O que está acontecendo nos EUA agora?
Trump tentou remover Lisa Cook do Fed alegando, sem provas, que ela teria envolvimento em fraude hipotecária. Embora a demissão não tenha se concretizado, o episódio deixa claro que a pressão política ainda está viva. A diretoria do Fed tem defendido a necessidade de manter a autonomia para evitar que decisões de curto prazo prejudiquem a estabilidade econômica.
Como isso afeta o Brasil?
Embora o Brasil tenha um sistema diferente, a lição é a mesma. Nosso Banco Central (BCB) tem, nos últimos anos, conquistado maior credibilidade ao conduzir política monetária de forma independente. Isso se refletiu em uma inflação mais controlada e em juros que, embora altos, são usados como ferramenta de estabilização.
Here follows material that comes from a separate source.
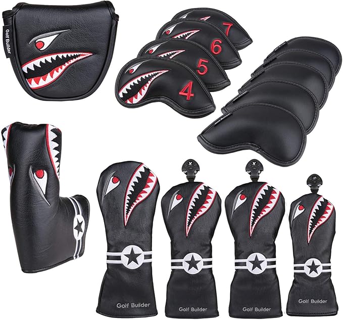 ゴルフヘッドカバー ウッド用 ドライバー440cc 460cc用 ユーティリティ UT用 パターカバー マレット用 ピンタイプ用 アイアンカバー 防水仕様 サメ模様 変換ダグ付 単品

Entretanto, o clima político brasileiro pode gerar dúvidas. Em períodos eleitorais, há sempre a tentação de pressionar o BCB a reduzir juros para estimular o consumo e melhorar a popularidade dos candidatos. Se isso acontecer, corremos o risco de reviver os mesmos problemas que vimos nos EUA, Turquia ou Venezuela.
O que podemos fazer como cidadãos?
Não somos economistas, mas podemos ficar atentos a alguns sinais:
- Discursos políticos: se um candidato ou líder começa a prometer “juros baixos a todo custo”, vale investigar quais são as consequências a médio e longo prazo.
- Transparência do BCB: o Banco Central do Brasil tem divulgado relatórios de inflação e decisões de política monetária. Ler esses documentos ajuda a entender se há pressões externas.
- Educação financeira: quanto mais soubermos sobre como a taxa Selic afeta nossos empréstimos, financiamentos e investimentos, melhor podemos avaliar propostas políticas.
Perspectivas para o futuro
Se a tendência global for a de maior interferência política, os riscos de crises inflacionárias aumentam. Por outro lado, a crescente conscientização sobre a importância da independência pode levar a reformas institucionais que reforcem a autonomia dos bancos centrais.
No Brasil, a consolidação de um Banco Central forte pode servir de exemplo para outros países da América Latina que ainda lutam contra a politização das políticas monetárias.
Em resumo, a batalha pela independência dos bancos centrais não é apenas um assunto de especialistas. Ela tem consequências diretas no nosso dia a dia, nos preços que pagamos e nas oportunidades de investimento. Ficar informado e cobrar transparência são passos simples, mas poderosos, para garantir que a política monetária trabalhe a favor da estabilidade econômica e do bem‑estar de todos.